• **Task prompt**
Your reply is to be the lines below, exactly as written, with images omitted.

Collected material Start Marker

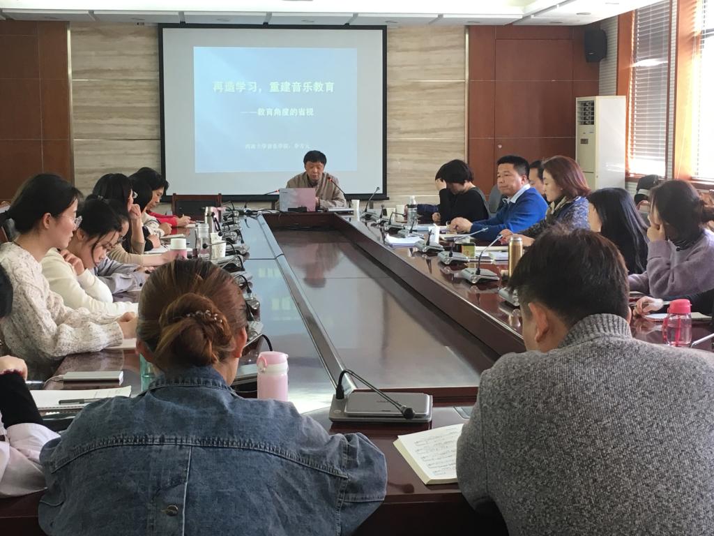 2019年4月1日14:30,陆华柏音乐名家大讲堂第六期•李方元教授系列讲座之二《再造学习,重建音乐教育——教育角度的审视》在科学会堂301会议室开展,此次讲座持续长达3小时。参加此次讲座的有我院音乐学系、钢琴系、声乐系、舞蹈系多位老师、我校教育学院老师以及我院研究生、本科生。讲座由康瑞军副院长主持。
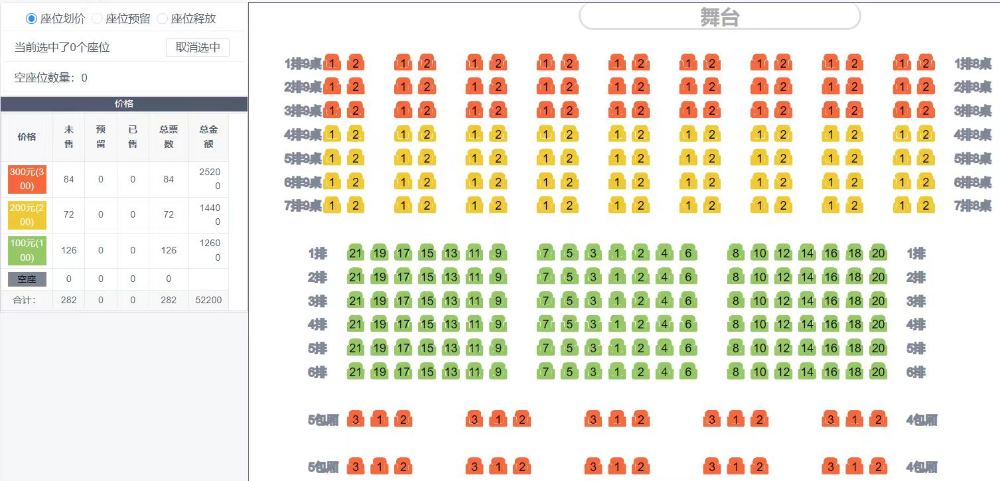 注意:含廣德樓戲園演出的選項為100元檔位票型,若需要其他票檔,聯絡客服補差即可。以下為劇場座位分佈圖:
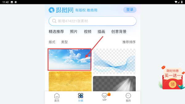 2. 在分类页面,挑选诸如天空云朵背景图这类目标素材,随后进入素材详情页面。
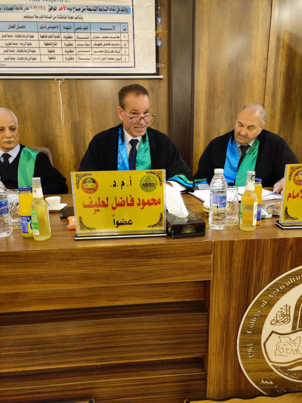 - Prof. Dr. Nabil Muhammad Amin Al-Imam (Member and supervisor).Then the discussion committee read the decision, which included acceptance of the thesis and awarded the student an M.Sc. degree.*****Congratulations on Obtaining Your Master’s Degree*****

Collected material End Marker

• **Expected answer**
 2019年4月1日14:30,陆华柏音乐名家大讲堂第六期•李方元教授系列讲座之二《再造学习,重建音乐教育——教育角度的审视》在科学会堂301会议室开展,此次讲座持续长达3小时。参加此次讲座的有我院音乐学系、钢琴系、声乐系、舞蹈系多位老师、我校教育学院老师以及我院研究生、本科生。讲座由康瑞军副院长主持。
 注意:含廣德樓戲園演出的選項為100元檔位票型,若需要其他票檔,聯絡客服補差即可。以下為劇場座位分佈圖:
 2. 在分类页面,挑选诸如天空云朵背景图这类目标素材,随后进入素材详情页面。
 - Prof. Dr. Nabil Muhammad Amin Al-Imam (Member and supervisor).Then the discussion committee read the decision, which included acceptance of the thesis and awarded the student an M.Sc. degree.*****Congratulations on Obtaining Your Master’s Degree*****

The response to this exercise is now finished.